En manque de lecture, je me suis décidée à acheter de nouveaux livres.

Je l’ai vu, posé entre deux romans quelconques, « L’horizon à l’envers » m’a attiré comme un aimant. Sa couverture colorée sortant du lot s’est imposée à moi.

Je le prends, et lis la quatrième de couverture ;

« Où se situe notre conscience ? 
Est-ce qu’on peut la transférer et la sauvegarder ? Hope, Josh et Luke, étudiants en neurosciences, forment un trio inséparable, lié par une amitié inconditionnelle et une idée de génie. Lorsque l’un des trois est confronté à une mort imminente, ils décident d’explorer l’impossible et de mettre en œuvre leur incroyable projet. »

Je le garde à mes côtés, le paye, puis me pose à la terrasse d’un café. Une page tournée, puis une autre, une dizaine, une trentaine, et me voilà alors incapable de lâcher ces personnages qui me semblent déjà familiers. Des mots doux, des personnages haut en couleurs, une histoire frissonnante ; en bref, tout ce qu’il faut pour devenir accro à ces lignes. Je n’ai pu le lâcher qu’une fois la dernière page terminée.

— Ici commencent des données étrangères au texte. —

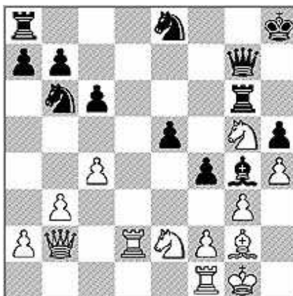
5. White to play
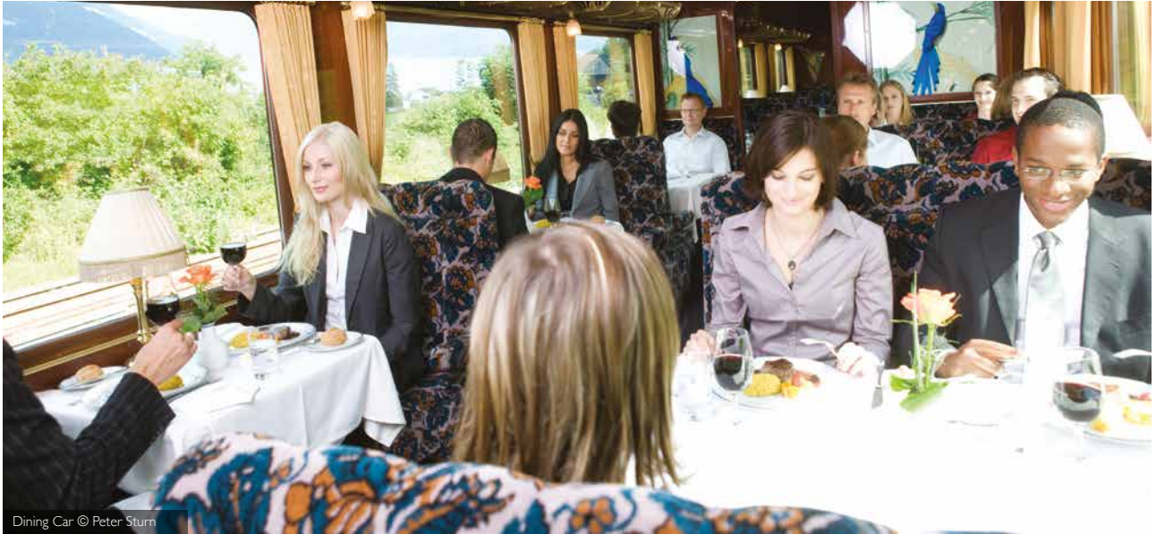
Dining Car
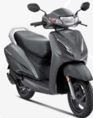
Mat Axis Gray Metallic
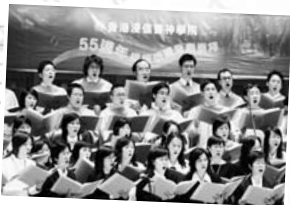
The 55th Anniversary Musical Worship Service of Thanksgiving and Celebration in 2006

In 2009 and after 20 years, HKBTS's Annual Concert left the stage of the Cultural Center and moved back to the stage of the local church under its new name "Church Music Revival Meeting." The recent meeting was held on April 23 at Kowloon City Baptist Church with the theme "Be Strong and of Courage, Dare to March on the Road Ahead." This marks a clear direction: we hope to send a clear message to our audience that the annual concert is more a service than a music appreciation concert. Not only do we long to offer praise to the Lord, but we also want to present a challenging message, inviting brothers and sisters to join us in serving God full time.
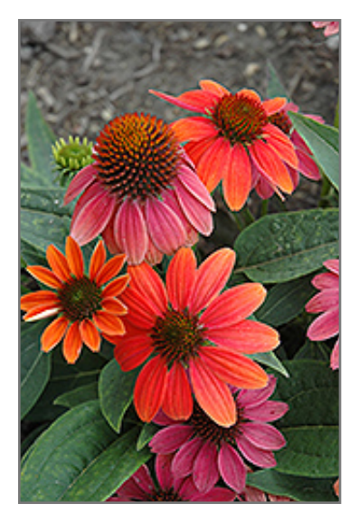
Sombrero Hot Coral Coneflower flowers

Sombrero Hot Coral Coneflower is an herbaceous perennial with an upright spreading habit of growth. Its medium texture blends into the garden, but can always be balanced by a couple of finer or coarser plants for an effective composition.
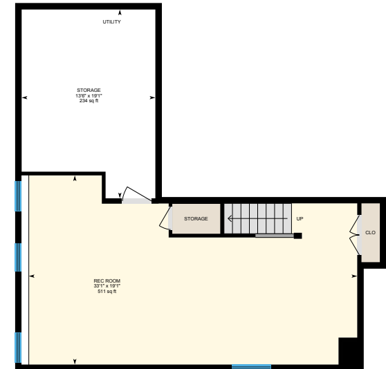
Lower Level (Below Grade) Finished Area 643.01 sq ft
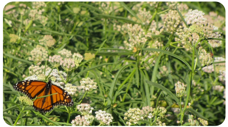
Monarch butterfly on narrowleaf milkweed ( Asclepias fascicularis )

Common milkweeds native to the West include narrowleaf milkweed ( Asclepias fascicularis ), showy milkweed ( A. speciosa ), woollypod milkweed ( A. eriocarpa ), and heartleaf milkweed ( A. cordifolia ). In California, A. californica , A. subulata , and A. erosa are also important host plants. Be sure to check which milkweed and nectar plants are native to your region. North of Santa Barbara, avoid planting milkweeds within 5-10 miles of coastal monarch overwintering sites. Instead, plant plenty of native flowering plants, especially those that bloom in early spring. More info at www.monarchjointventure.org/resources/downloads-and-links .
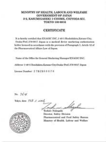
Certificate of Medical Device Marketing Authorization by Ministry of Health, Labour and Welfare, Government of Japan. License Number: 27B2X00070
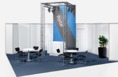
PORTAL from 105,90 €/m 2 Configurable online
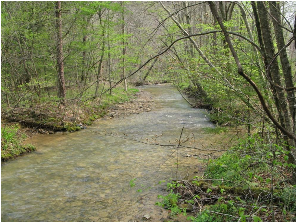
Photograph # 4: View of approximate location of sample SW-5.
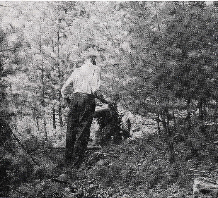
Clearing land is quick and inexpensive with the GRAVELY Rotary Saw Attachment. Merely put the Saw in the horizontal position, put the tractor and attachment in gear and guide the machine—POWER does the work.
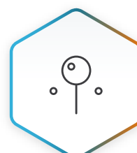
UP TO 200,000 CONNECTIONS
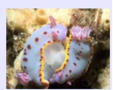
Fig. 4 H. bennetti
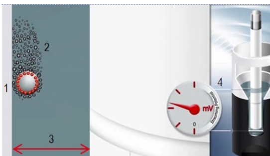
Figure 1: Inside the measuring cell

An accurate volume of an aqueous sample is placed in the measuring cell.
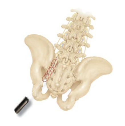
RF Probe for Sacroiliac (SI) Medial Branch Denervation
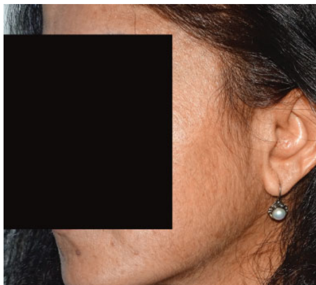
Fig. 6 Increase in facial hair after minoxidil application.
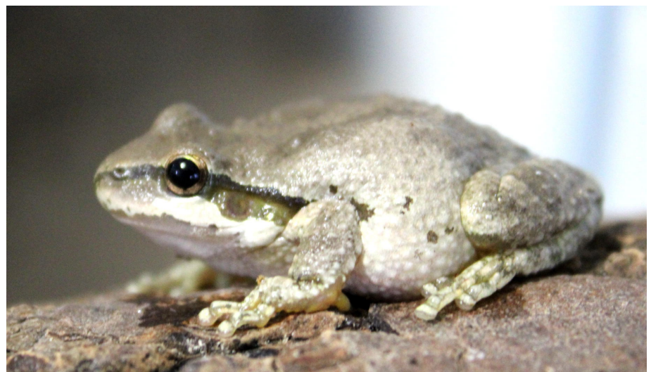
Sierran Tree Frog
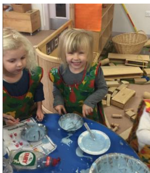
Experimenting with ingredients to make playdough.
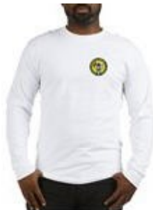
MORE COLORS AVAILABLE Mmoc Long Sleeve T-Shirt $23.99
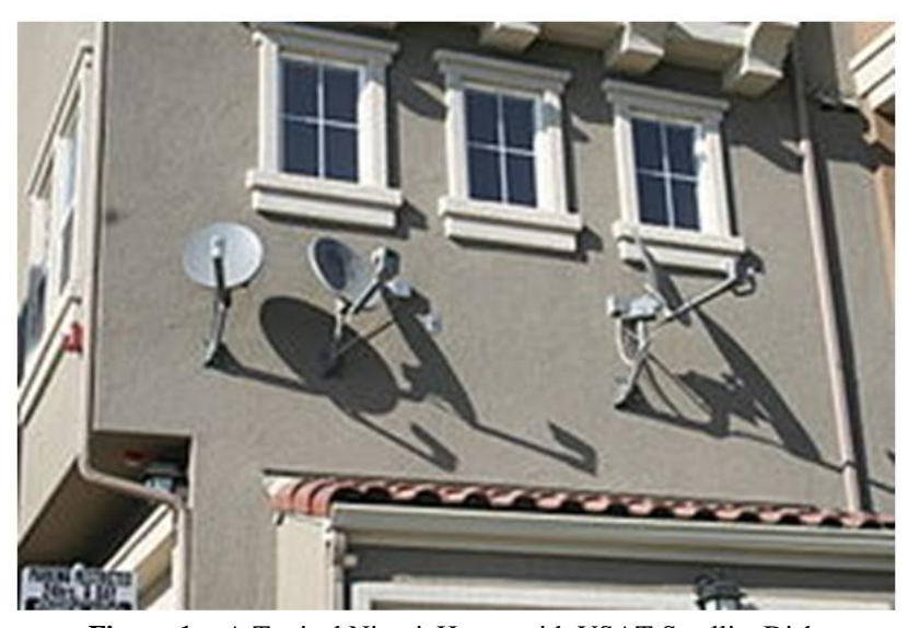
Figure 1: A Typical NigeriaHouse with VSAT Satellite Dish
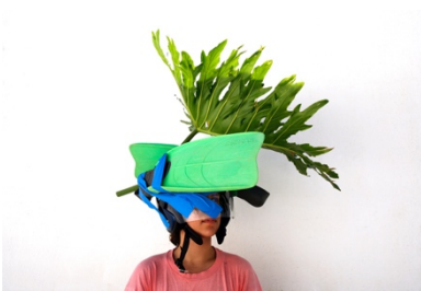
James Cooper Helmet Sculpture #3, 2010 Color photograph 40 × 30 in. (101.6 × 76.2 cm)
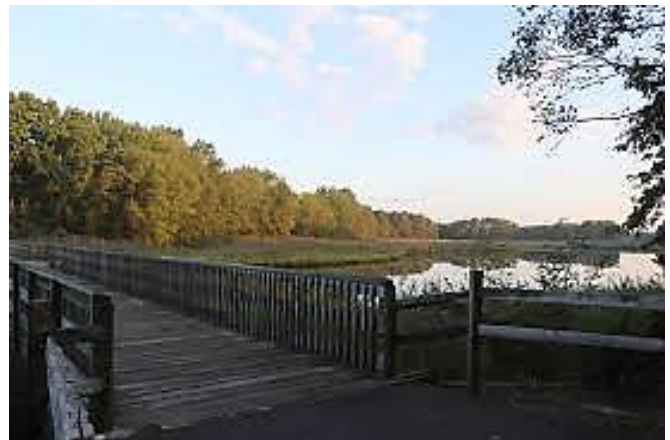
Cross Island Trail

Kent Island Cross Island Trail. The 6+-mile trail, wandering through farmland, meadows, wetlands, and woods, spans from Terrapin Park to the Chesapeake Heritage and Visitor Center at Kent Narrows and now beyond. The trail crosses several creeks with wooden bridges, offering a spectacular view of waterfowl and wetlands. - Senator Adelaide Eckhardt, Delegate Steven Arentz, Commissioner Chris Corchiarino
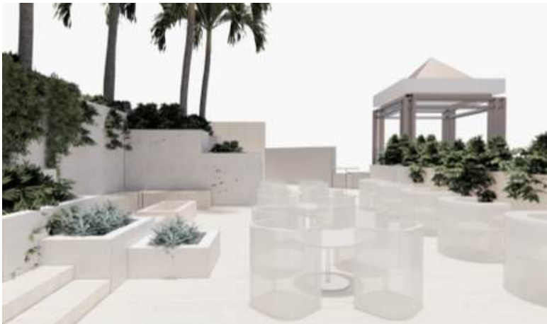
Club InterContinental Terrace
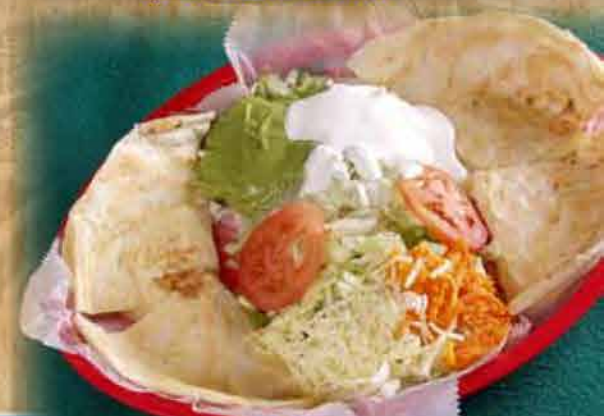
Pollo y Queso
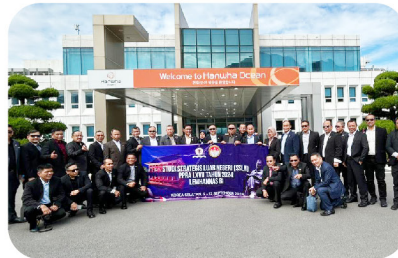
Being One of the World's Economic Pillars, South Korea Becomes an SSLN Destination
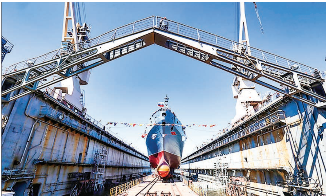
The Russian designs for the advanced warships and vessels presented at the International Naval Show were of special interest to several dozen foreign delegations.

Ce roman a été, pour moi, un ouragan d’émotions ; de la tristesse à la joie, en passant par l’étonnement, mon cœur ne cessait de s’emballer à chaque ligne. J’avais peur que le livre porte trop sur les sujets scientifiques, mais il y en a assez pour en apprendre sans non plus perdre le fil. Quant aux personnages, je me suis vraiment attachée à Hope, l’un des trois personnages principaux. Hope est typiquement le genre de personnages auquel nous pouvons nous identifier, en tout cas pour ma part. Joyeuse, drôle, touchante, comment ne pas l’aimer ?

L’histoire débute normalement ; 3 étudiants sans grandes histoires, des trains de vie sans vagues. En résumé, tout de plus banal. Mais au fur et à mesure des lignes, les quotidiens vont basculer et ces 3 étudiants devront réinventer l’avenir quitte à tenter ce qui paraissait, jusque-là, impossible.

400 pages de bonheur, 400 pages d’inquiétudes, 400 pages de doutes ; en résumé, 400 pages de Marc Levy. Ce roman n’est pas des plus récent, mais il est, selon moi, l’un des plus chamboulant que je n’ai jamais lu.

Sur une table de nuit, dans un sac, ou encore à la terrasse d’un café, ce roman à sa place partout.